Exercise instructions: Copy each record below faithfully, leaving out images.

[Dataset entries]
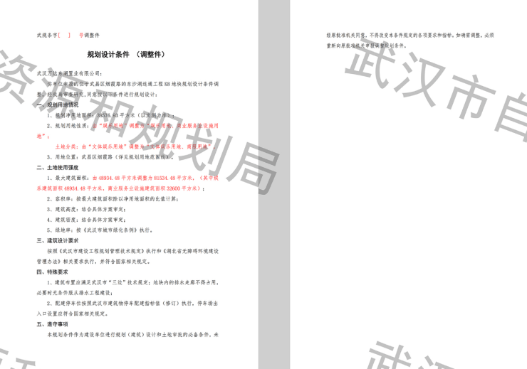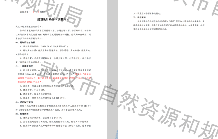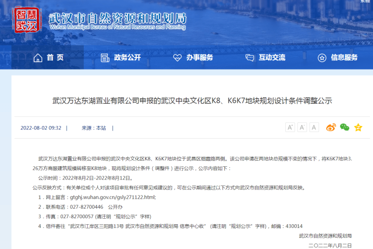8月3日消息,搜狐焦点获悉,近日,武汉市自然资源和规划局发布,武汉万达东湖置业有限公司申报的武汉中央文化区K8、K6K7地块规划设计条件调整公示。
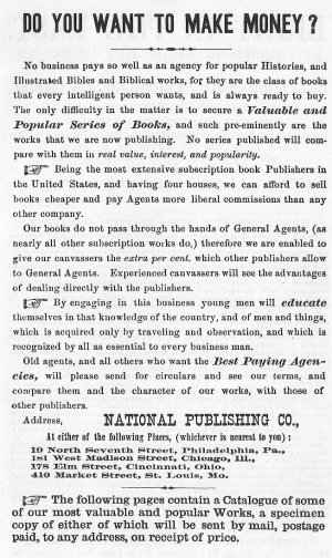 There are quite a number of these men in New York. They p. 806offer to cure all manner of diseases, some for a small and others for a large sum. It has been discovered that some of these men carry on their business under two or three different names, often thus securing a double or triple share of their wretched business. The newspapers are full of their advertisements, many of which are unfit for the columns of a reputable journal. They cover the dead walls of the city with hideous pictures of disease and suffering, and flood the country with circulars and pamphlets setting forth the horrors of certain diseases, and giving an elaborate description of the symptoms by which they may be recognized. A clever physician has said that no man ever undertakes to look for defects in his physical system without finding them. The truth of the remark is proven by the fact that a very large number of persons, reading these descriptions of symptoms, many of which symptoms are common to a number of ills, come to the conclusion that they are affected in the manner stated by the quack. Great is the power of the imagination! so great, indeed, that many sound, healthy men are thus led to fancy themselves in need of medical attention. A short interview with some reputable physician would soon undeceive them, but they lay aside their good sense, and fall victims to their credulity. They think that as the quack has shown them where their trouble lies, he must needs have the power of curing them. They send their money to the author of the circular in question, and request a quantity of his medicine for the purpose of trying it. The nostrum is received in due time, and is accompanied by a second circular, in which the patient is coolly informed that he must not expect to be cured by one bottle, box, or package, as the case may be, but that five or six, or sometimes a dozen will be necessary to complete the cure, especially if the case is as desperate and stubborn as the letter applying for the medicine seems to indicate. Many are foolish enough to take the whole half dozen bottles or packages, and in the end are no better in health than they were at first. Indeed they are fortunate if they are not seriously injured by the doses they have taken. They are disheartened in nine cases out of ten, and are, at length, really in need of good medical advice. They have paid the p. 807quack more money than a good practitioner would demand for his services, and have only been injured by their folly.
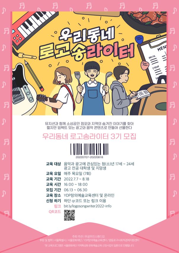 <우리동네 로고송라이터>는 뮤지션과 청년, 지역 소상공인이 만나 새로운 인연을 만들고, 음악과 광고를 만들어 지역에 활력을 불어넣는 사회적 예술 프로젝트입니다.
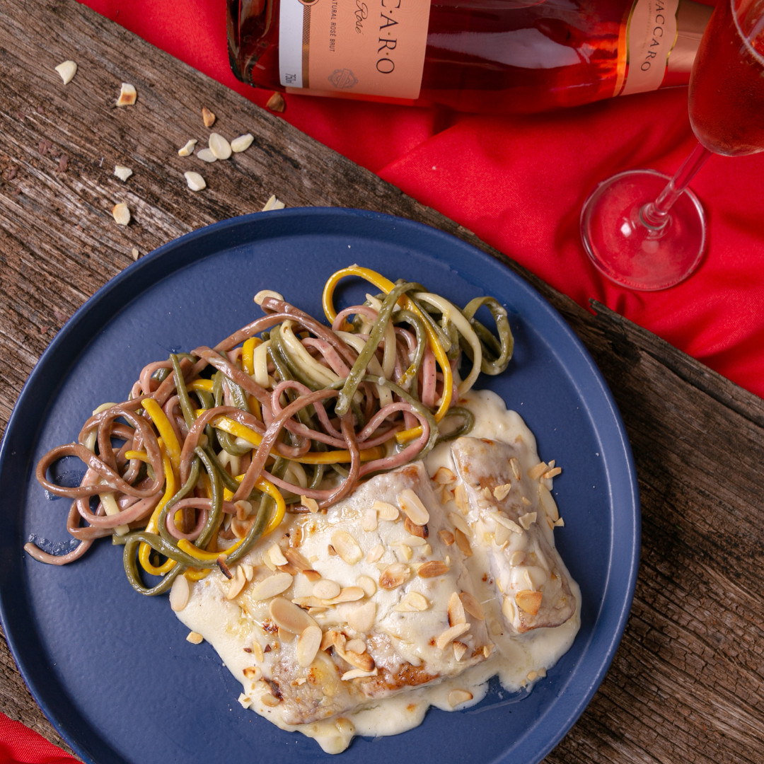- Filé de pescada ao molho de parmesão e amêndoas laminadas , acompanhado de talharim salteado na manteiga
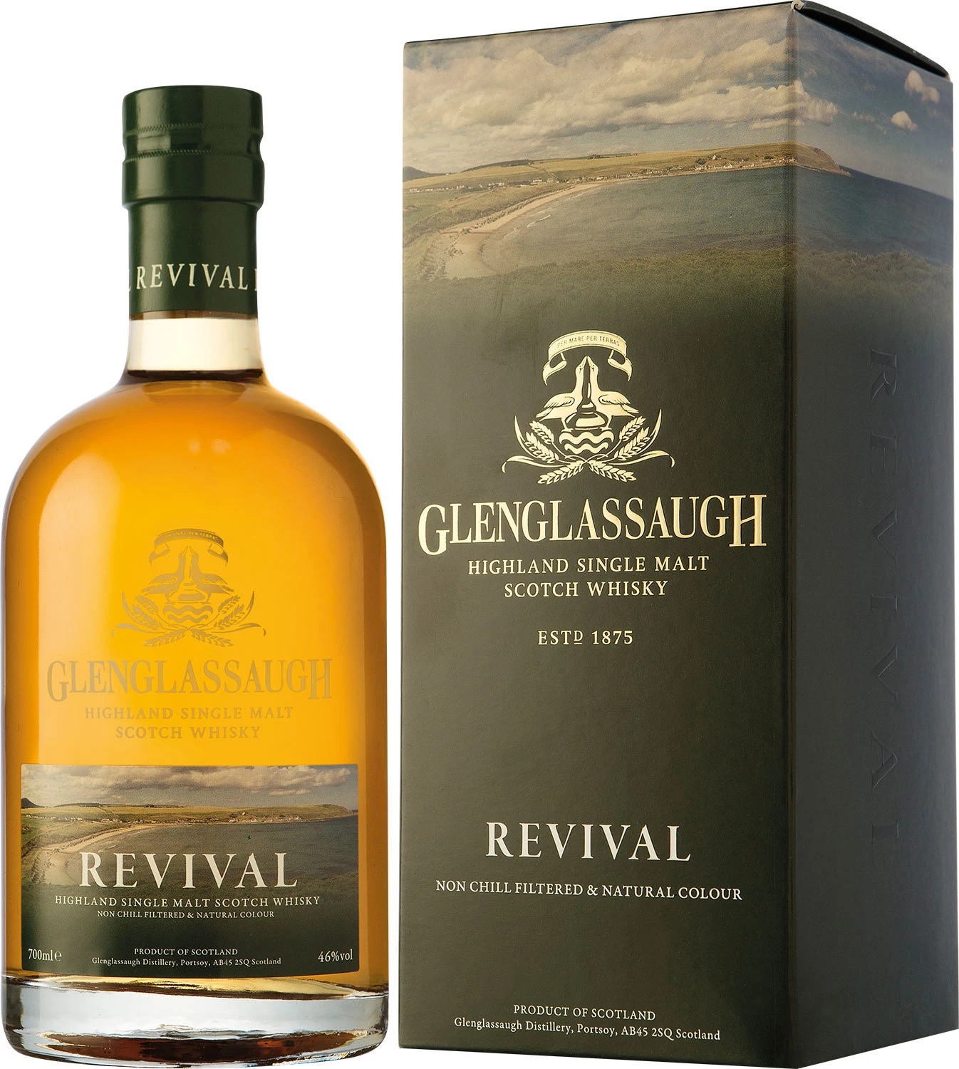 Revival to pierwsza edycja whisky z destylarni Glenglassaugh wypuszczona na rynek po ponad 20 letnim „uśpieniu” gorzelni. Whisky dojrzewała w beczkach po bourbonie i czerwonym winie aby następnie na kilka miesięcy trafić do beczkach po Sherry Oloroso. Nie była filtrowana na zimno i barwiona karmelem. Zachwyca naturalnym kolorem miedzi i stylem typowym dla Highland. W nosie delikatne aromaty karmelu i toffi, z nutami orzechów, sherry, mlecznej czekolady i miodu. W zapachu znajdziemy również dojrzałe śliwki, czerwone owoce jagodowe i odrobinę ziemistego, palonego dębu. W ustach jest krągła, kremowa z odrobiną słodyczy i wyczuwalnymi nutami śliwek, wiśni, pomarańczy, orzecha włoskiego, czekolady, miodu i pieprznej dębiny. Finisz rozgrzewający z nutami przypraw korzennych, sherry i karmelu.

Answer area:
8月3日消息,搜狐焦点获悉,近日,武汉市自然资源和规划局发布,武汉万达东湖置业有限公司申报的武汉中央文化区K8、K6K7地块规划设计条件调整公示。
 There are quite a number of these men in New York. They p. 806offer to cure all manner of diseases, some for a small and others for a large sum. It has been discovered that some of these men carry on their business under two or three different names, often thus securing a double or triple share of their wretched business. The newspapers are full of their advertisements, many of which are unfit for the columns of a reputable journal. They cover the dead walls of the city with hideous pictures of disease and suffering, and flood the country with circulars and pamphlets setting forth the horrors of certain diseases, and giving an elaborate description of the symptoms by which they may be recognized. A clever physician has said that no man ever undertakes to look for defects in his physical system without finding them. The truth of the remark is proven by the fact that a very large number of persons, reading these descriptions of symptoms, many of which symptoms are common to a number of ills, come to the conclusion that they are affected in the manner stated by the quack. Great is the power of the imagination! so great, indeed, that many sound, healthy men are thus led to fancy themselves in need of medical attention. A short interview with some reputable physician would soon undeceive them, but they lay aside their good sense, and fall victims to their credulity. They think that as the quack has shown them where their trouble lies, he must needs have the power of curing them. They send their money to the author of the circular in question, and request a quantity of his medicine for the purpose of trying it. The nostrum is received in due time, and is accompanied by a second circular, in which the patient is coolly informed that he must not expect to be cured by one bottle, box, or package, as the case may be, but that five or six, or sometimes a dozen will be necessary to complete the cure, especially if the case is as desperate and stubborn as the letter applying for the medicine seems to indicate. Many are foolish enough to take the whole half dozen bottles or packages, and in the end are no better in health than they were at first. Indeed they are fortunate if they are not seriously injured by the doses they have taken. They are disheartened in nine cases out of ten, and are, at length, really in need of good medical advice. They have paid the p. 807quack more money than a good practitioner would demand for his services, and have only been injured by their folly.
 <우리동네 로고송라이터>는 뮤지션과 청년, 지역 소상공인이 만나 새로운 인연을 만들고, 음악과 광고를 만들어 지역에 활력을 불어넣는 사회적 예술 프로젝트입니다.
- Filé de pescada ao molho de parmesão e amêndoas laminadas , acompanhado de talharim salteado na manteiga
 Revival to pierwsza edycja whisky z destylarni Glenglassaugh wypuszczona na rynek po ponad 20 letnim „uśpieniu” gorzelni. Whisky dojrzewała w beczkach po bourbonie i czerwonym winie aby następnie na kilka miesięcy trafić do beczkach po Sherry Oloroso. Nie była filtrowana na zimno i barwiona karmelem. Zachwyca naturalnym kolorem miedzi i stylem typowym dla Highland. W nosie delikatne aromaty karmelu i toffi, z nutami orzechów, sherry, mlecznej czekolady i miodu. W zapachu znajdziemy również dojrzałe śliwki, czerwone owoce jagodowe i odrobinę ziemistego, palonego dębu. W ustach jest krągła, kremowa z odrobiną słodyczy i wyczuwalnymi nutami śliwek, wiśni, pomarańczy, orzecha włoskiego, czekolady, miodu i pieprznej dębiny. Finisz rozgrzewający z nutami przypraw korzennych, sherry i karmelu.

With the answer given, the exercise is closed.